# Small victories



## Ciscley (Jul 16, 2013)

I have been trying to remind myself all night that today's training session was successful. Because it was. The actual grooming on the other hand... :banghead:



The big man is not only eager to go for car rides now but decided that leaping into the car anyway possible is preferable to being left behind. That it took me literally lifting the beast out of the boot of my car as he attempted to squeeze himself over the seat and into the passenger area, because he wanted to ride so bad, that's actually a success. Definitely. [sarcasm rating: 2.85]


We exited the vehicle and crossed the parking lot with at least 3 inches between the ground and our belly! Not exactly upright and confident, but constant forward momentum has to be a success. [sadly, no sarcasm]

I'm not going to think about the damn automatic door that only spooks us every other trip. Not thinking about it. NOT THINKING ABOUT... ugh. Maybe there was a new shadow? Maybe they cleaned it recently and it was more reflective? Maybe we approached it too slowly, too quickly, at the wrong angle? ERrrgh. Damn inconsistently scary door.

There was definite pulling towards the wash area and a full foot of air below the belly once inside. Clear progress. *Reminder to self: work on leash skills and ignore how embarrassing it is to be walking a puffy white alligator instead of a poodle.

The bath itself was down to a mere hour, though I forgot to condition, and only the top third of my body was completely drenched at the end. I'm pretty sure the ridiculous aprons the store provides are meant ironically.

Tried using a baking soda rinse after the shampoo to speed drying time. Seemed to help though the fact that he was still partially shaved from last time helped more. *Reminder to self: short hair dries faster, keep telling yourself this when you go to run your fingers through Danno's hair and there isn't any.

Able to use the HV dryer on everywhere I wanted to. A little chin rubbing, a few kibble and 30 minutes later, totally dry and brushed out Spoo.
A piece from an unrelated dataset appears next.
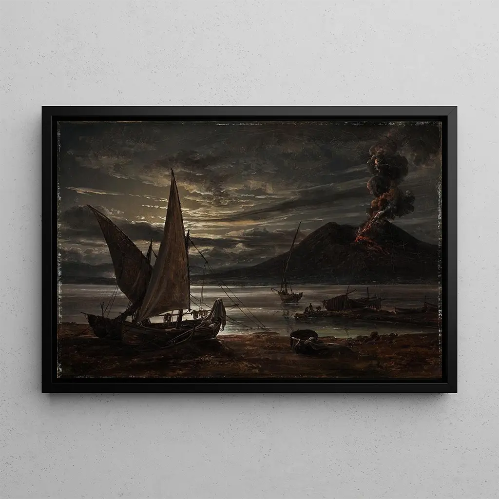 Éruption du Vésuve au clair de lune : une danse entre ombre et lumière L'œuvre "Éruption du Vésuve au clair de lune" nous plonge dans une atmosphère envoûtante où le volcan, majestueux et menaçant, se dresse sous un ciel nocturne illuminé par la lune. Les couleurs sombres et profondes de la toile contrastent avec les éclats lumineux des coulées de lave, créant une tension palpable. La technique de l'artiste, mêlant habilement le clair-obscur, accentue la puissance de la nature tout en évoquant une certaine sérénité. Cette scène dramatique, à la fois fascinante et terrifiante, invite le spectateur à contempler la beauté sauvage et indomptable du Vésuve, tout en ressentant l'angoisse d'une éruption imminente. Vesuvius In Eruption Moonlight : un maître du romantisme Vesuvius In Eruption Moonlight est un artiste emblématique du mouvement romantique, connu pour sa capacité à capturer les forces de la nature avec une intensité émotionnelle rare. Actif au XIXe siècle, il s'inspire des paysages italiens, en particulier des volcans, pour exprimer les passions humaines face à la grandeur du monde naturel. Influencé par des contemporains tels que Turner et Constable, il développe un style unique qui allie réalisme et expressionnisme. Ses œuvres, souvent teintées de mystère, reflètent les préoccupations de son époque, marquée par une fascination pour les phénomènes naturels et une quête de l'infini. Une acquisition décorative aux multiples atouts La reproduction de "Éruption du Vésuve au clair de lune" est une pièce décorative qui saura enrichir votre intérieur, qu'il s'agisse d'un salon, d'un bureau ou d'une chambre. Sa qualité d'impression fidèle et son attrait esthétique en font un choix idéal pour ceux qui souhaitent apporter une touche d'élégance et de caractère à leur espace. Ce tableau, avec son ambiance dramatique et poétique, suscite la curiosité et les conversations, tout en offrant une fenêtre sur la beauté sauvage de la nature. Opter pour cette toile, c'est choisir d'inviter l'art et la passion dans votre quotidien.

YAY! Take a moment and enjoy the only real moment of success. Try not to chicken out and just leave him fuzzy.

Haven't quite given up on using combs with the 40 blade to get longer coat lengths, but must say the #4FC was faster and he tolerated it everywhere except the bottom 1/3 of his legs and on his chest. Need to find a blade that will leave more coat though. OMG he's so BALD. :ahhhhh:

At the end of the training session (remember, not a groom, a training session, breathe in, breathe out), Danno was perky and tail wagging and there was no vomitting or blood (for either of us.)

Actually, he let me clip his nails and shave a little bit around his face with a #10 before he got too nervous and stopped taking treats. So that's good. And the hubby is much happier now that he has a fluffy excuse for a tail again. 

Now if only I could find a way to ignore the fact that my dog looks hideous while focusing on these small victories.


----------



## Ciscley (Jul 16, 2013)

Before:



















After:


----------



## AngelsMommy (Nov 3, 2012)

Just remember the Small victories are very important baby steps
so don't beat yourself up. :grouphug:


----------



## fjm (Jun 4, 2010)

I think he looks fine - and that you both did very well! Far better to have a happy poodle in a slightly imperfect cut, than a perfect cut and a stressed, unhappy poodle (that's what Poppy keeps telling me!).


----------



## Manxcat (May 6, 2013)

Yep - I agree with what fjm said.

Pippin generally looks like she's been done with a lawnmower, BUT the grooming is getting less stressful for both of us, and I am actually getting more confident and slightly more proficient. It's NOT EASY!! 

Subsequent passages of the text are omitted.